Records from a collection
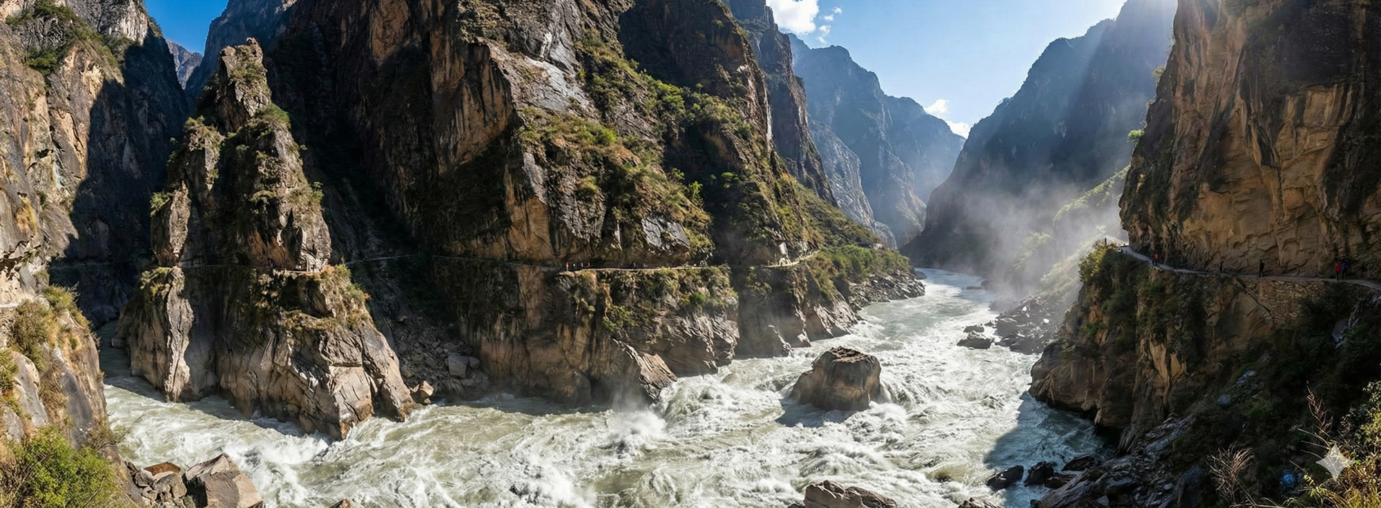 One of the deepest gorges on the planet, where the Yangtze River crashes violently between the Jade Dragon Snow Mountain and Haba Snow Mountain. The "High Trail" offers vertigo-inducing views into the churning water thousands of feet below. Legend says a tiger jumped the gorge to escape a hunter—you'll just be happy to walk it.
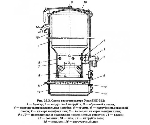 La question fondamentale est le bon fonctionnement du générateur de gaz.Pour que l'unité fonctionne avec un rendement élevé, il est nécessaire d'ajuster soigneusement le niveau d'alimentation en air (en tenant compte de la teneur en humidité du carburant), l'intensité des gaz d'échappement, etc. Il est souhaitable de fabriquer un générateur de gaz selon des dessins professionnels, dans le respect de toutes les tailles et proportions.
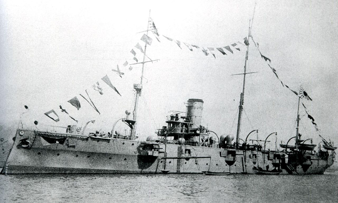 pansarkryssaren CHIYODA – som redan i månader befunnit sig i grannskapet - för att ‘’bevaka japanska intressen…’’ Först misstar sig KORIETZ'S utkikar, tror att japanen är en rysk kryssare – och laddar kanonerna – för en Salutsalva….
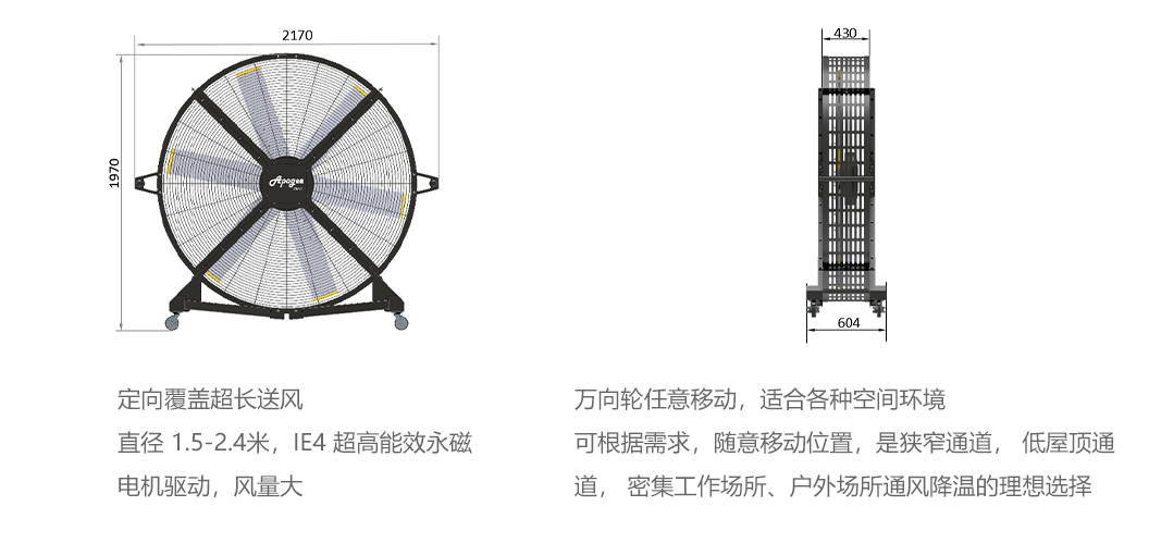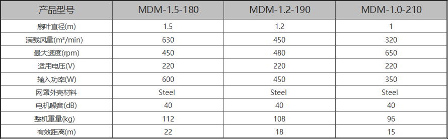 MDM采用永磁無刷電機直接驅(qū)動, 電機高效節(jié)能, 超高可靠性,扇葉采用高強度鋁鎂合金,流線結(jié)構(gòu)扇葉大化風量及風扇覆蓋距離, 相比低成本鈑金扇葉, 流線結(jié)構(gòu)扇葉有更好出風效率,氣流平穩(wěn)性,靜音效果。 產(chǎn)品適合室內(nèi),室外使用, 方便實用
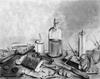 Potloodtekening, een stilleven met hoed, paraplu en tas.
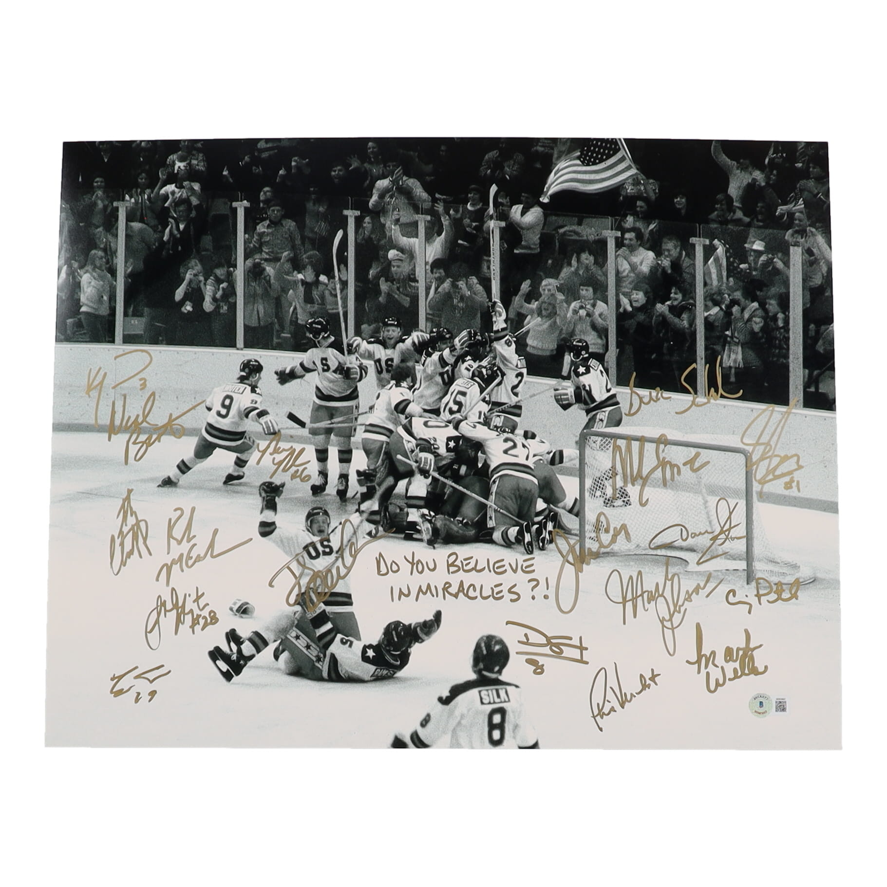 Photo measures 16" x 20" in size and has been hand-signed and inscribed by (18) members of the 1980 "Miracle on Ice" Team USA hockey team. Signers include Neal Broten, Dave Silk, Rob McClanahan, Mark Johnson, Steve Janaszak, Bill Baker, Dave Christian, Ken Morrow, Jack O'Callahan, Steve Christoff, Mike Eruzione, Buzz Schneider, Eric Stroebel, Phil Verchota, Mark Wells, Craig Patrick, John Harrington & Jim Craig
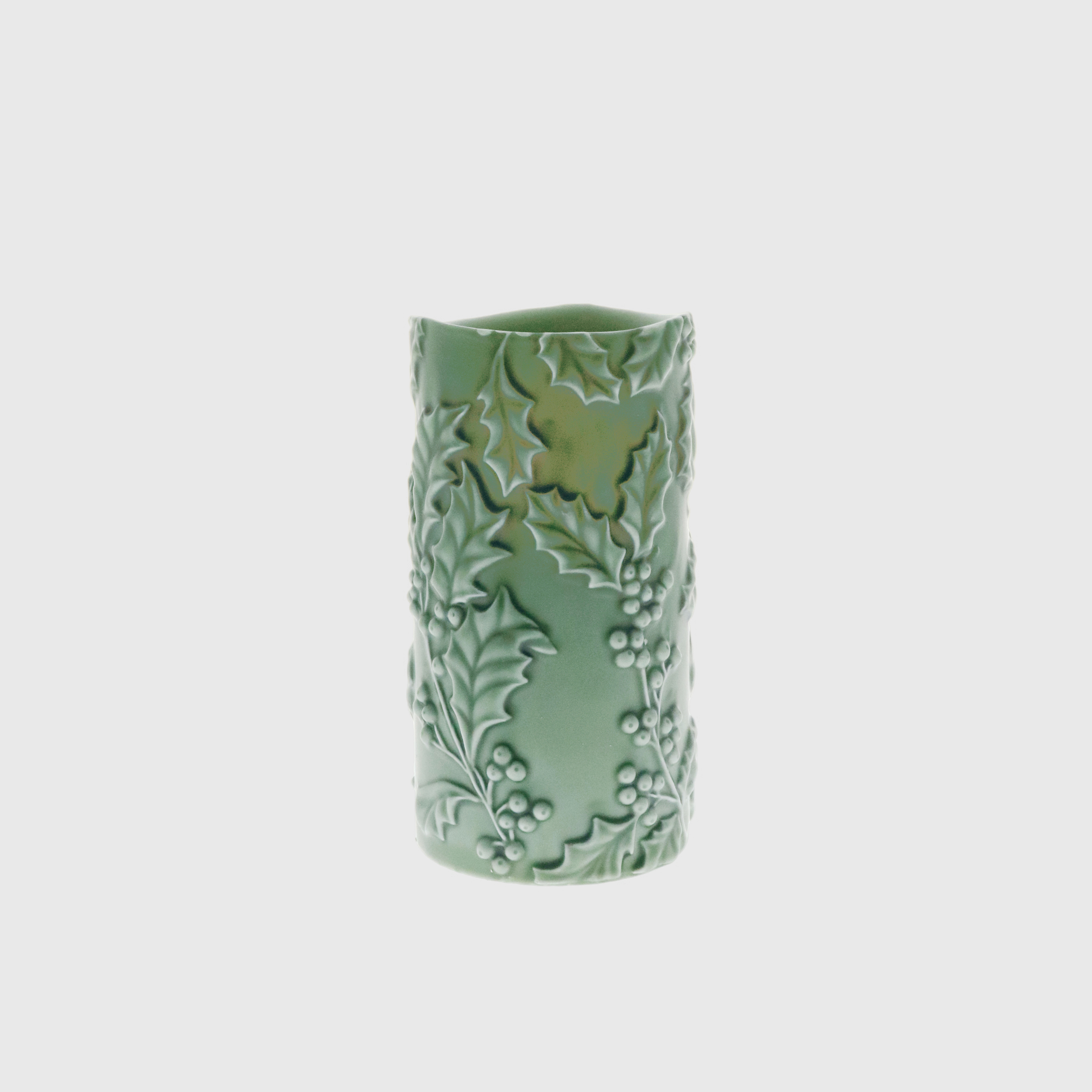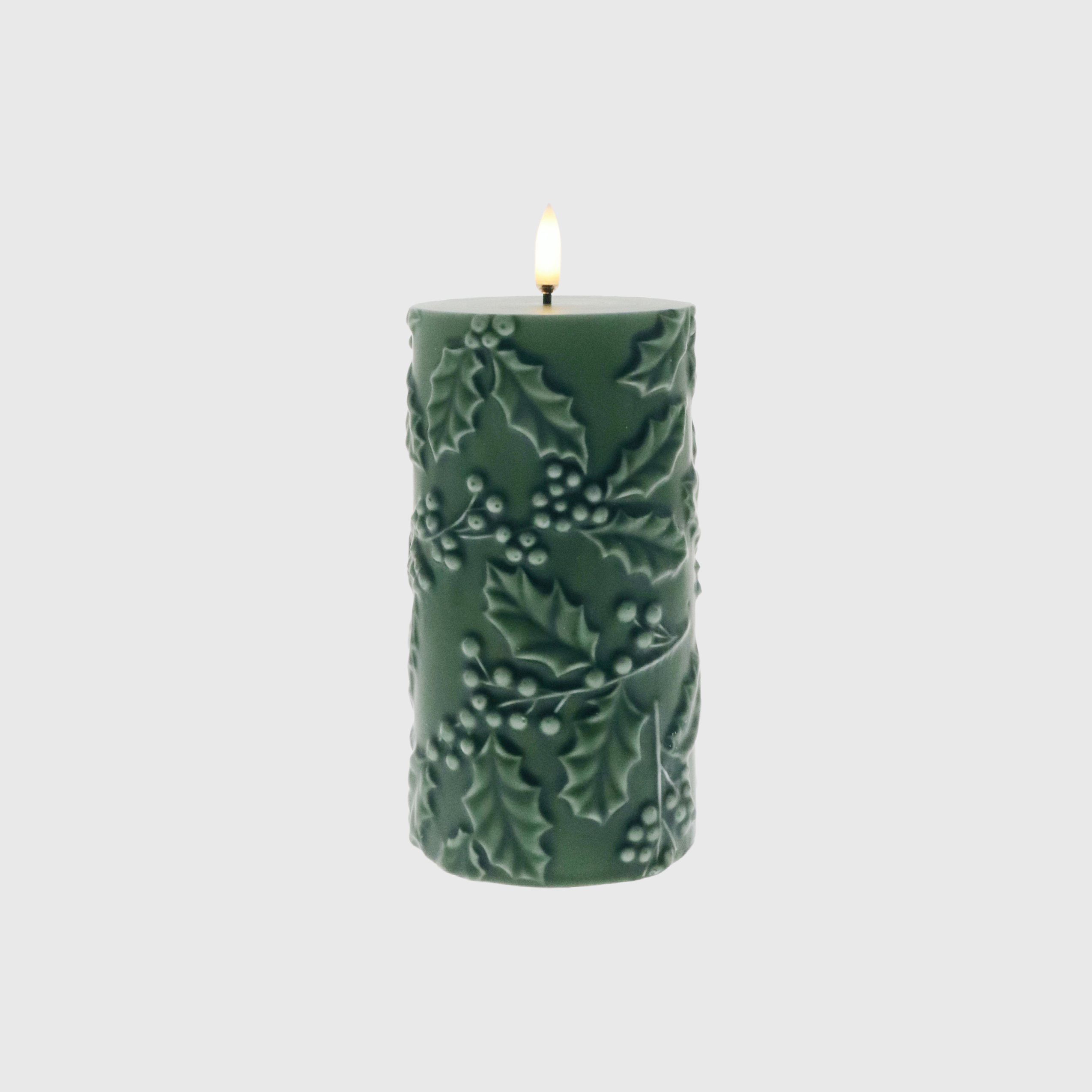 Festive and natural, this candle features embossed holly leaves in vibrant green. Its lifelike flame glows warmly, making it the perfect accent for holiday décor, seasonal celebrations, or joyful spaces year-round.

Task to carry out: Pictures are to be omitted; otherwise, write out the data exactly as it appears.

Output of the task:
 One of the deepest gorges on the planet, where the Yangtze River crashes violently between the Jade Dragon Snow Mountain and Haba Snow Mountain. The "High Trail" offers vertigo-inducing views into the churning water thousands of feet below. Legend says a tiger jumped the gorge to escape a hunter—you'll just be happy to walk it.
 La question fondamentale est le bon fonctionnement du générateur de gaz.Pour que l'unité fonctionne avec un rendement élevé, il est nécessaire d'ajuster soigneusement le niveau d'alimentation en air (en tenant compte de la teneur en humidité du carburant), l'intensité des gaz d'échappement, etc. Il est souhaitable de fabriquer un générateur de gaz selon des dessins professionnels, dans le respect de toutes les tailles et proportions.
 pansarkryssaren CHIYODA – som redan i månader befunnit sig i grannskapet - för att ‘’bevaka japanska intressen…’’ Först misstar sig KORIETZ'S utkikar, tror att japanen är en rysk kryssare – och laddar kanonerna – för en Salutsalva….
 MDM采用永磁無刷電機直接驅(qū)動, 電機高效節(jié)能, 超高可靠性,扇葉采用高強度鋁鎂合金,流線結(jié)構(gòu)扇葉大化風量及風扇覆蓋距離, 相比低成本鈑金扇葉, 流線結(jié)構(gòu)扇葉有更好出風效率,氣流平穩(wěn)性,靜音效果。 產(chǎn)品適合室內(nèi),室外使用, 方便實用
 Potloodtekening, een stilleven met hoed, paraplu en tas.
 Photo measures 16" x 20" in size and has been hand-signed and inscribed by (18) members of the 1980 "Miracle on Ice" Team USA hockey team. Signers include Neal Broten, Dave Silk, Rob McClanahan, Mark Johnson, Steve Janaszak, Bill Baker, Dave Christian, Ken Morrow, Jack O'Callahan, Steve Christoff, Mike Eruzione, Buzz Schneider, Eric Stroebel, Phil Verchota, Mark Wells, Craig Patrick, John Harrington & Jim Craig
 Festive and natural, this candle features embossed holly leaves in vibrant green. Its lifelike flame glows warmly, making it the perfect accent for holiday décor, seasonal celebrations, or joyful spaces year-round.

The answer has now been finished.